I'm a weird sleeper. I sleep hard and soundly. It usually takes me forever to actually fall asleep and if you wake me up during my 'doze off' period... I'm usually wide awake for hours. Sometimes, it might be a phone call that wakes me or a ding from a text, Chris may be tossing and turning or sleep-talking, the cat might try and lay on my head...
Then there are those weird occurrences...
... when I am in that about-to-fall-asleep time, when your mind settles down and you find that perfect spot, when the pillow is perfectly cool, and the world seems to have quieted...
Images flash through my head. Quick, brief images as if I were clicking swiftly through a viewmaster.
Oh, you're too young to know what that is? Example:
|Pretty much the best thing ever.
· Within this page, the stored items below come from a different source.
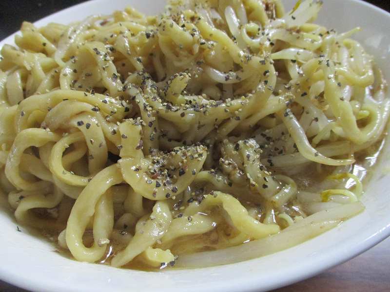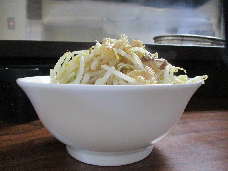 ふつうに食べてるとなかなか麺にたどり着けないので、麺ともやしをひっくり返します。
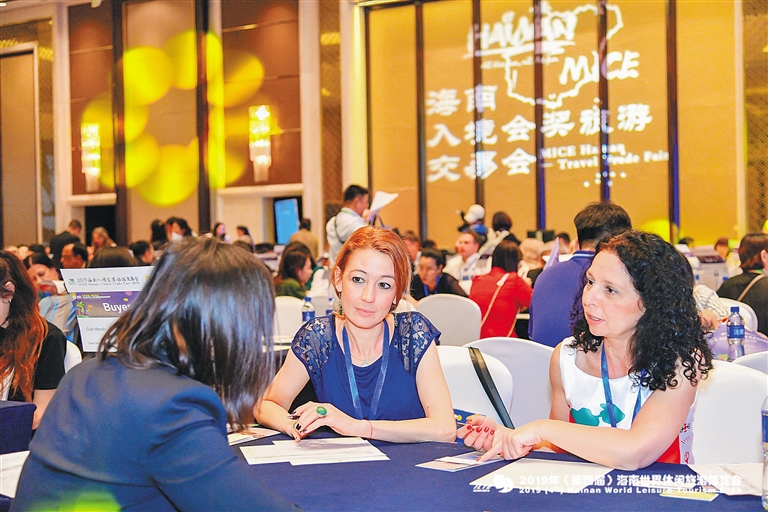 11月22日,“欢乐海南”大型旅游专场推介会在海南国际会展中心举行。推介会向前来参加本届欢乐节的各省市旅游行政部门领导、外国驻华使领馆代表、国际友城代表及重点旅游企业代表推介海南旅游,展示海南旅游的新业态、新气象,并邀请嘉宾们参与到海南国际旅游岛欢乐节各项活动中来。11月23日,2019海南入境会奖旅游交易会在海口举行,旨在宣传海南会奖游资源优势、搭建国际会奖旅游文化交流与合作平台、促进海南会奖旅游产业转型升级。来自35个国家的111位国际买家、来自国内各省区市的126位买家和海南本地181家企业代表,以及各市县旅文部门代表、旅游行业协会代表等合计逾400人参加洽谈。当天共达成合作意向超过300个,预计2020年将为海南带来超过1万名境外游客。11月24日至25日,国际国内买家还将前往海口观澜湖、博鳌、三亚等地考察踩线,进一步了解海南会奖旅游资源,寻求更多合作商机。
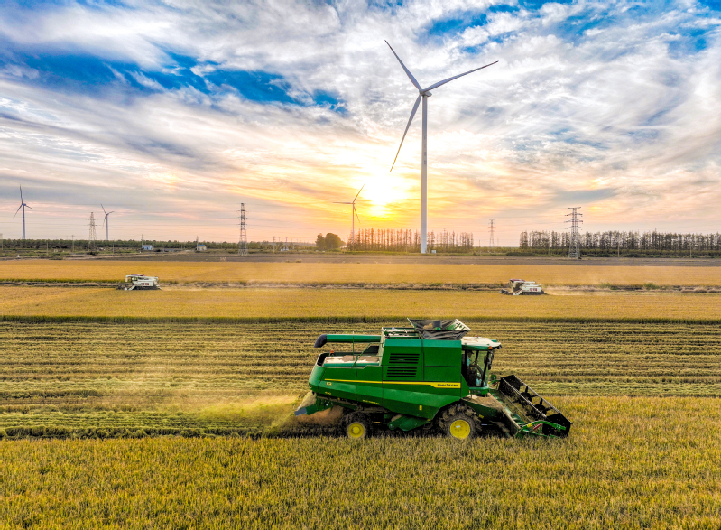 近日,隨著連日陰雨天氣的結(jié)束,蘇墾農(nóng)發(fā)淮海分公司各生產(chǎn)區(qū)迅速轉(zhuǎn)入搶收狀態(tài),一臺臺滿載著希望的收割機轟鳴著駛?cè)氲咎?,將沉甸甸的稻穗盡數(shù)“攬入懷中”。
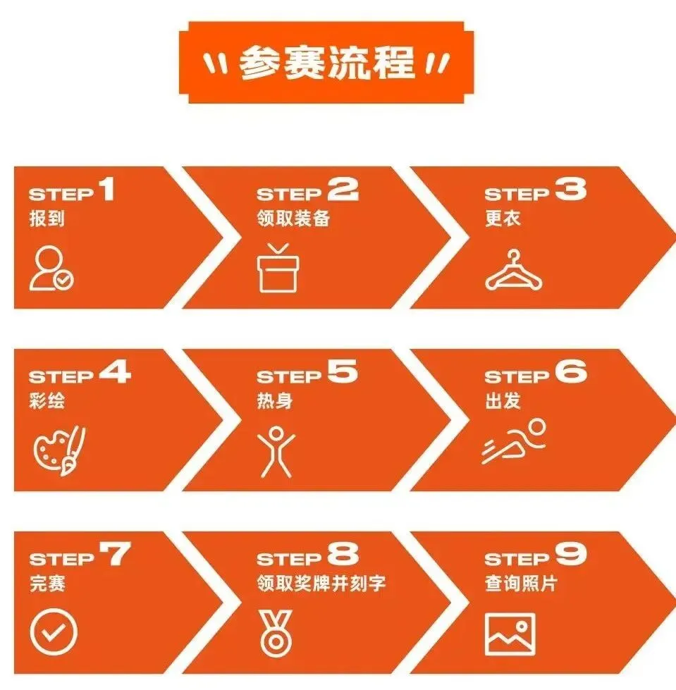 每位参赛小选手领取到的装备包含:参赛包、参赛服、手套、头带号、场次手环、电子计时手环等,家长带着孩子现场有序领取即可。
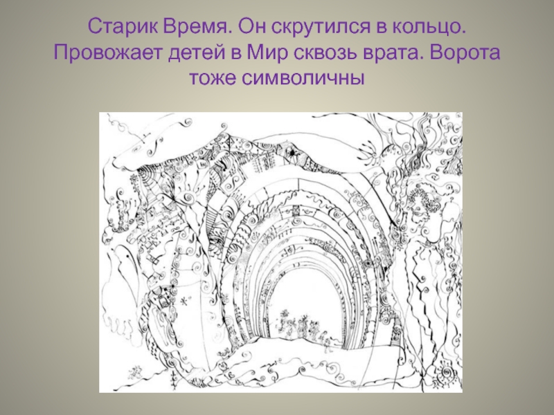 Старик Время. Он скрутился в кольцо. Провожает детей в Мир сквозь врата. Ворота тоже символичны

EVER.|
They don't bring me comfort or serenity or calmness... but rather evoke feelings that create this face:
I'm sure there is a perfectly sensible explanation for these momentary glimpses... but quite frankly I don't care enough to Google it and have come to embrace this 'nother notch on the odd belt.
The very first one I remember was more of a .GIF in my head. Motion = fancy.
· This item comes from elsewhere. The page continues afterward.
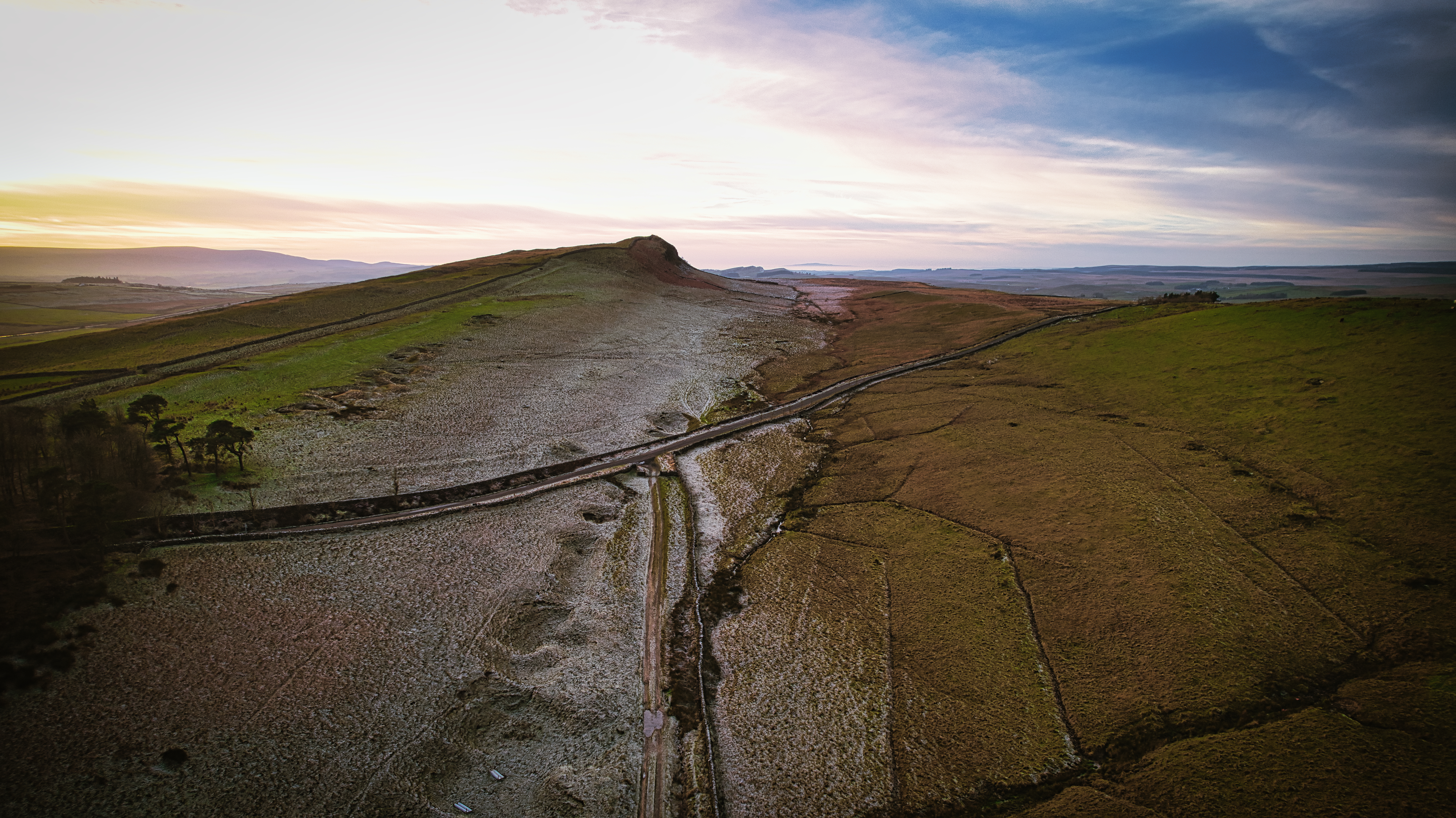 Aerial view of a tranquil countryside landscape at dusk with rolling hills and a winding path at Sycamore Gap, Northumberland, UK.

|....and he's rolling around in this stuff. Like, if you could frolic while laying down... this would be the place to do it.|
Yes. Marijuana. So you understand now why he is so happy.
WHY WOULD THAT EVER ENTER MY MIND? Seriously. I get that I'm weird. But what the heck?
And just like that... it's gone. Just a fleeting flash of WTF.
The next one I remember was another .GIF file, in the file backup of Erika's brain. Quick and fleeting, but more of a storyline of sorts, on fast forward. This one must have been the start of a dream, but my subconscious cut it off.
Did you ever see The Birds? It's a movie, for you youngsters, that's about a bunch of birds, taking over... pecking and taking names. It may sound lame, but birds are terrifying and don't you forget it.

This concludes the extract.